The story of: One little boy
A 4-year-old Vietnamese boy was carried into the room by a caretaker. The
boy had only one limb…I repeat, only one limb…a right leg! His right arm
was gone just below the elbow and his left arm just above the wrist. His left
leg also missing but fitted with a prosthetic. The boy screamed and yelled
upon entering the room at the sight of all the prosthetic hands lined up on the
table. His caretaker took him outside to calm him down. Ten or fifteen
minutes later, the care taker brought him back into the room, and again he
started right up with the crying and screaming. In a moment of desperation, I
decided to give him one of the prosthetic hands, and in the same moment I
questioned my decision as I wondered whether that was such a great idea – I
mean, how could a child “play” with such a device by having available to
him only the stubby ends of two arms that aren’t even the same lengths?
I was told once that if the only tools in your toolbox are a hammer and a
screwdriver, then you tend to think of your solutions in terms of using only
that hammer and that screwdriver.
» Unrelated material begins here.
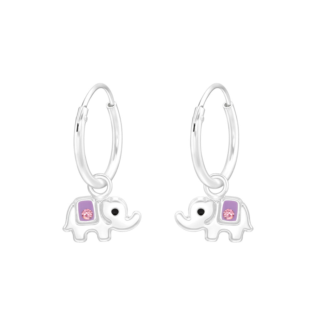 Cercei argint 925 pentru copii model creola cu un elefantel decorat cu un zirconiu roz. Cerceii au inchidere cu arc.

Well, he did just that. He instantly calmed
down and was able to hold the prosthetic hands between the ends of his two
arms. He began experimenting with it and in a few short moments, realized
how the device worked. With a little help from his caretaker, he also figured
out how to tighten the digits (fingers) and release them.
He stayed in the room clutching the prosthetic hand and watched while we
put hands on several other people. Nearly an hour passed until it was his turn
and by that time, he was so ready to have his hand put on that when he and
his caretaker sat down, he literally reached out his left arm as if to say, “Quit
fooling around and put this thing on me!” We did just that, and literally
within one minute, he had managed to put a marking pin in the hand and for
the first time in his life, draw on a piece of paper.
The room was flooded with emotion. How many opportunities do we have in
life to be able to impact another person to this extent?
A couple of weeks later I received an e-mail from Vietnam indicating that the
boy not only loves and uses his hand, but he doesn’t want to take it off at
night when he goes to bed.
Rest well, little child. Hopefully you can have the same opportunity that we
have had – to experience the gift that you have given us.